Panjek Sagu Panjek Sigai


08 Oktober 2019 10:02:02 WIB

Tumbuhan sagu identik dengan Indonesia belahan timur karena tumbuhan tersebut menjadi makanan pokok mereka.  Di rimba Minangkabau hampir diseluruh kenagarian juga memiliki tanaman ini. Ada dua jenis tumbuhan sagu yakni sagu rumbio, Jenis sagu menghasilkan tepung dari batangnya. Tepung sagu dapat diolah menjadi berbagai macam penganan seperti karupuak sagu, kalamai sagu dan lompong sagu yang sempat  dipopulerkan oleh Eli Kasim melalui nyanyian minang di era 70-an. Jenis yang satu lagi dinamakan dengan sagu anau, jenis ini menghasilkan gulo anau ( gula aren) yang menjadi kebutuhan masyarakat sebagai pelengkap masakan. Disamping itu batangnya dimanfatkan untuk berbagai macam alat pertukangan, pagar rumah dan kebutuhan lainnya.
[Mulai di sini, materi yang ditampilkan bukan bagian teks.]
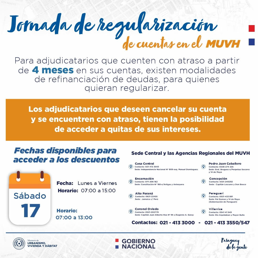 El Ministerio de Urbanismo, Vivienda y Hábitat (MUVH), aplica quita de intereses a los adjudicatarios que deseen…
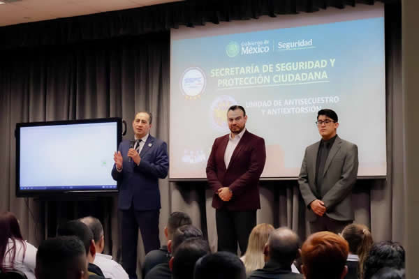 La capacitación es impartida por el oficial Miguel Ángel Alarcón Hernández, adscrito a la Unidad de Antisecuestro y Antiextorsión de la Secretaría de Seguridad y Protección Ciudadana (SSPC) y el agente investigador Carlos Roberto Medina Palma, quienes compartieron conocimientos especializados para fortalecer la capacidad operativa identificando las diversas modalidades de extorsión y de respuesta ante situaciones de crisis generadas por el delito de extorsión.
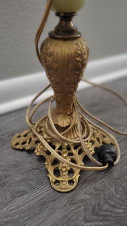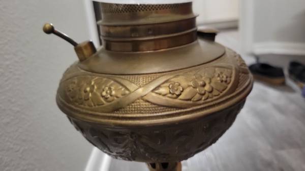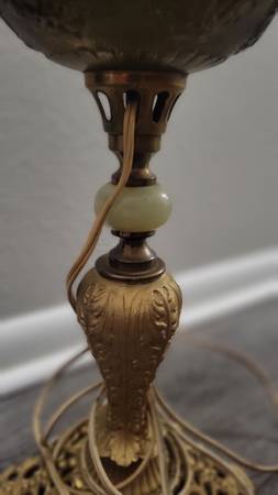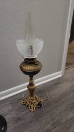 Old kerosene lamp turned into electric model. There is no damage as far as I could see. Antique original lamp. Really beautiful.
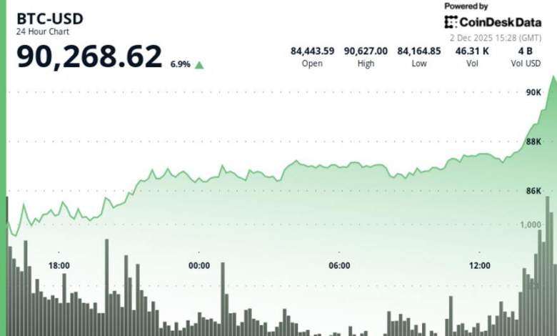Bitcoin surged back above $90,000 during Tuesday’s U.S. morning hours, erasing most of its steep plunge from Sunday to Monday to below $84,000. The largest cryptocurrency was up 8% over the past 24 hours, helping lifting the broader digital asset markets.
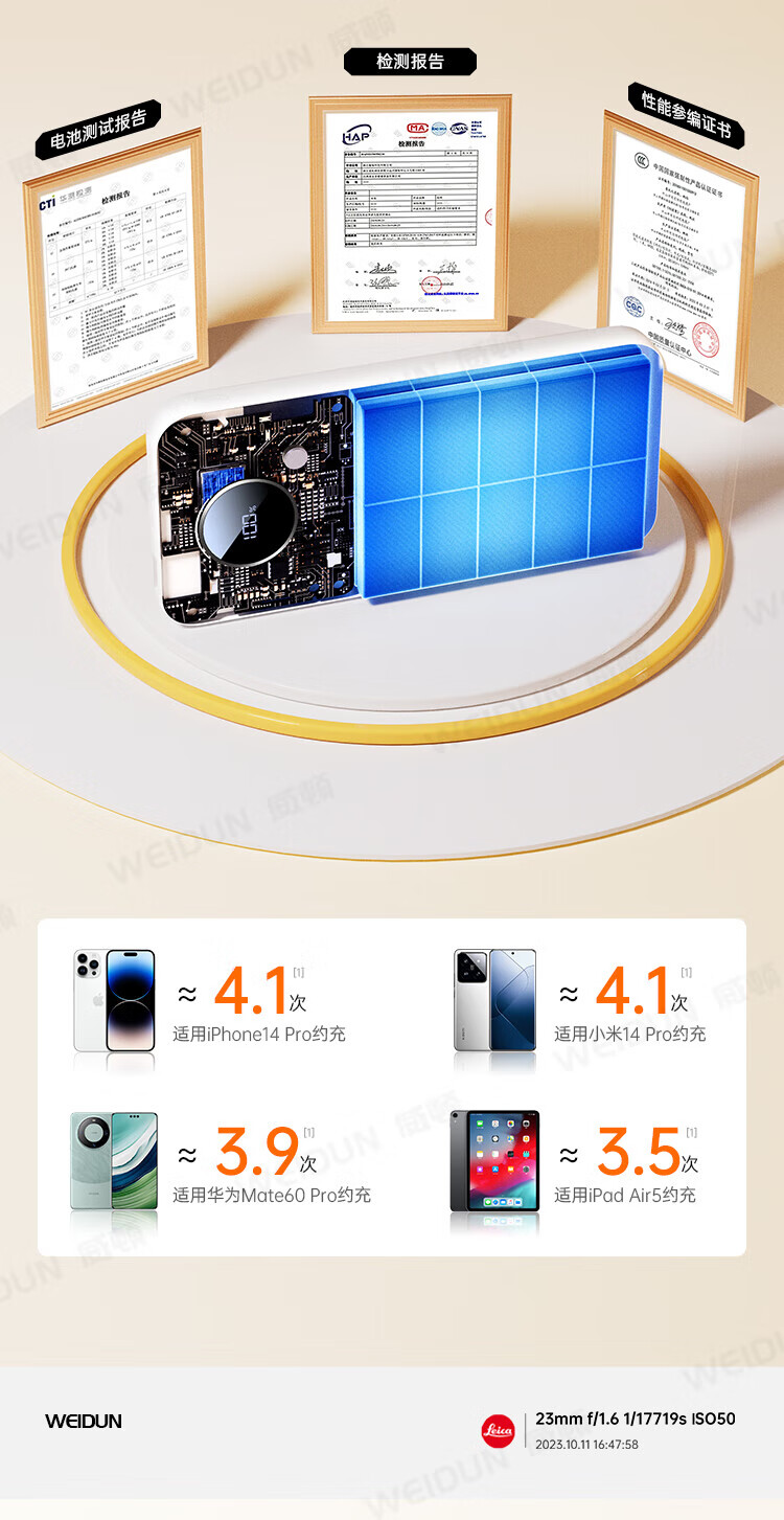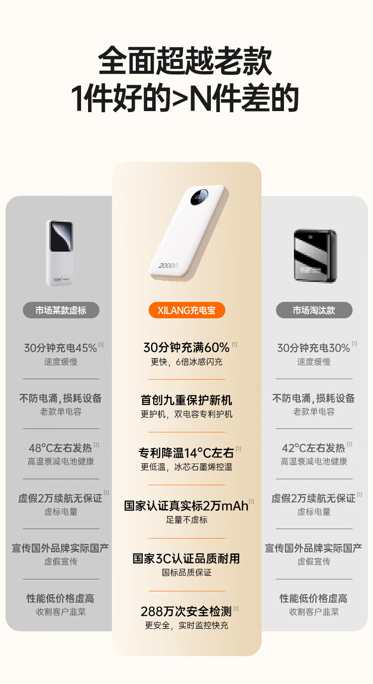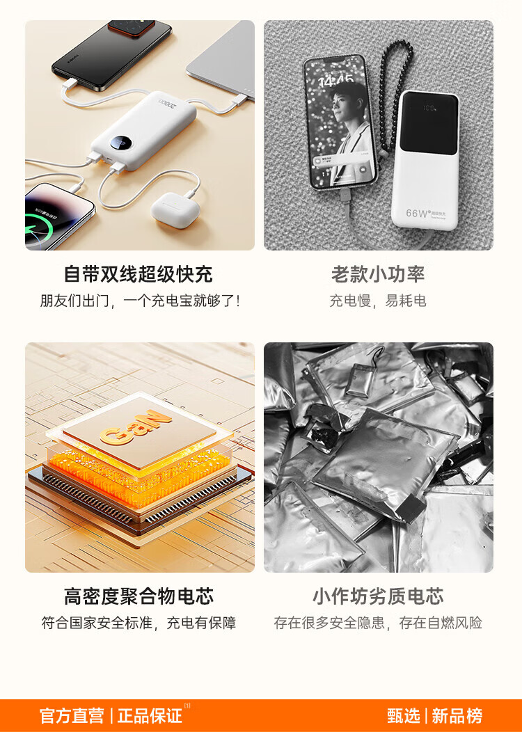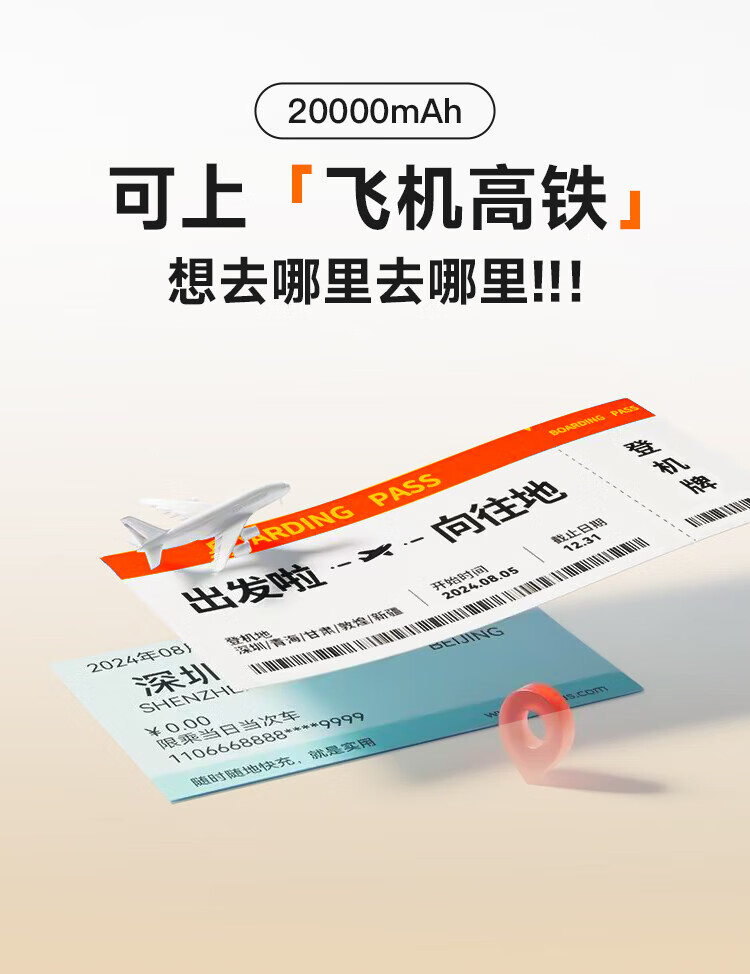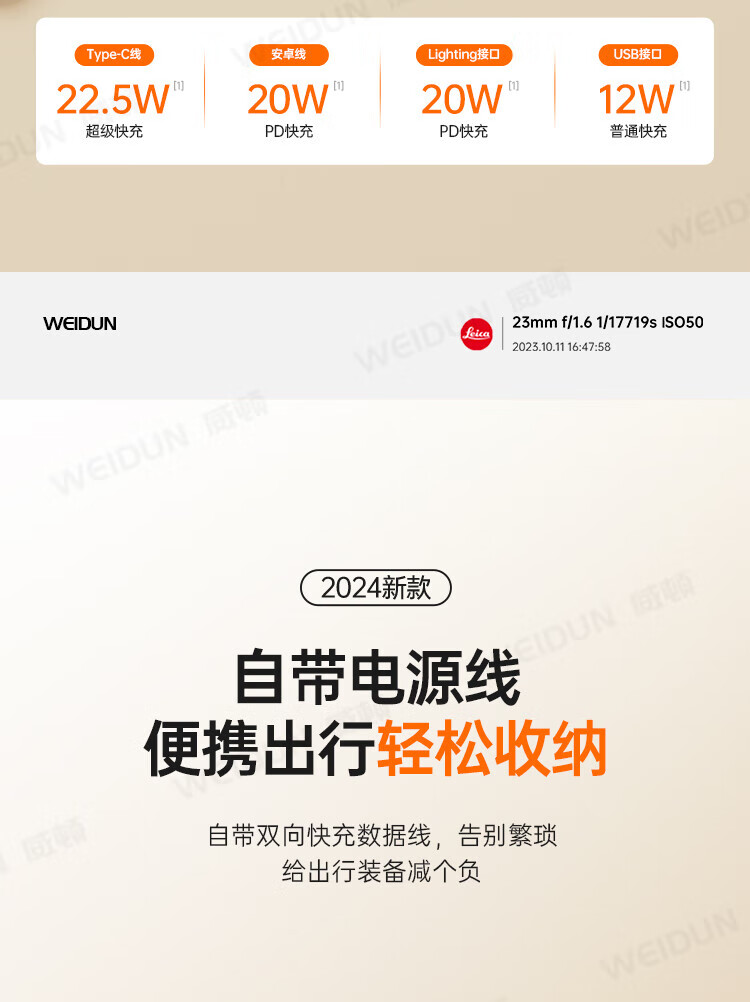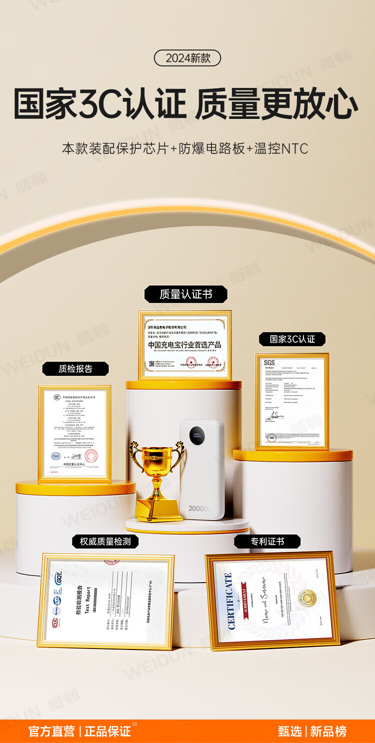 威顿【国家3C认证丨20000毫安】充电宝适用小米快充超大容量可上飞机十大排位自带线移动电源小巧便携 【皓月白】20000毫安+超级快充+提速999% 新国标3C双认证丨自带三快充线丨可上飞机高铁
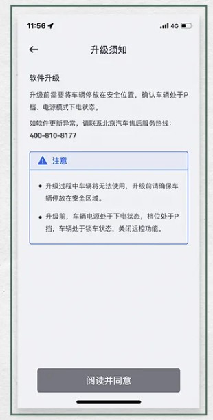 5点击阅读并同意进入升级进度条完成升级

Adapun sigai sejenis alat yang terbuat dari sebatang pohon bambu yang berfungsi sebagai tangga, pada masing-masing ruas bambu di lobangi lalu dimasukkan sepotong kayu sebagai pijakan kaki. Sigai tersebut panjangnya mencapai pucuk enau untuk memudahkan pengambilan  manisan (nira) sebagai bahan baku gula enau. Mamanjek Sigai merupakan jalan pintas untuk menuju puncak.
Panjek sagu panjek sigai merupakan pameo dalam tradisi Minagkabau, menjadi sinyal dalam menyikapi persoalan yang berkaitan dengan berbagai sikap ambisius yang dimiliki oleh manusia. Sikap ambisius dalam kehidupan kalau dicermati erat kaitannya dengan persoalan pangkat dan jabatan, disamping keinginan lainnya. Menjalani hidup dengan mulia adalah tujuan utama dari ajaran adat Adat Minangkabau. Kemuliaan akan makin bertambah bila berhasil mencapai sesuatu sesuai dengan jalannya atau bila suatu saat seseorang berhasil mencapai sesuatu, atau dianugrahkan sebuah pangkat dan jabatan, maka hal yang demikian merupakan sebuah tanggung jawab yang diamanahkan oleh Tuhan. Tidak dengan memakai jalan pintas laiknya orang mamanjek sigai demi segalon manisan.
Para petani berdendang ketika mamanjek sigai, dendangan itu bermaksud agar pohon enau jadi terhibur sehingga  manisannya mengalir makin banyak.  Demikian juga halnya para pemburu jabatan, mereka  mamanjek sigai juga sambil berdendang  demi meraih berbagai posisi dan jabatan yang di incar. Dendangnya macam-macam dari saling memfitnah, menjelek-jelekkan orang lain sampai tega membongkar aib orang  demi kepentingan sesaat dan keuntungan pribadi. Sudah jamak terjadi dalam  setiap momen pergantian pimpinan di suatu instansi atau lembaga, maka para pemanjat sigai kasak- kusuk memperebutkan berbagai posisi yang ingin diraihnya. Tak penting apakah jabatan itu cocok atau tidak, apakah sesuai dengan kemampuan yang dimiliki atau tidak. yang penting sigai ini dipanjat terlebih dahulu. Soal sigainya bisa patah karena berebut naik, itu soal belakangan. Berbagai macam cara dilakukan untuk meraih jabatan ini, dari berpura-pura rajin masuk kantor, tiap hari duduk didepan pintu atasan  sekedar setor muka dan setor duit tentunya.
Ketika para petani mamanjek sigai mengambil manisan dari enau yang mereka sadap, lalu mereka memberikan kasih sayang pada pohon enaunya dengan memelihara dan menjaganya sampai enaunya kembali menghasilkan manisan. Berbeda dengan para pemanjat sigai yang berebut memanjat demi jabatan dan berbagai posisi, mereka cenderung mengabaikan, melupakan batang disandari. Mereka akan menghisap sampai habis batang tempat mereka bersandar sehingga batang tersebut kehilangan daya hidup, dapat menyebabkan mereka kehilangan penopang. Akhirnya terjungkal.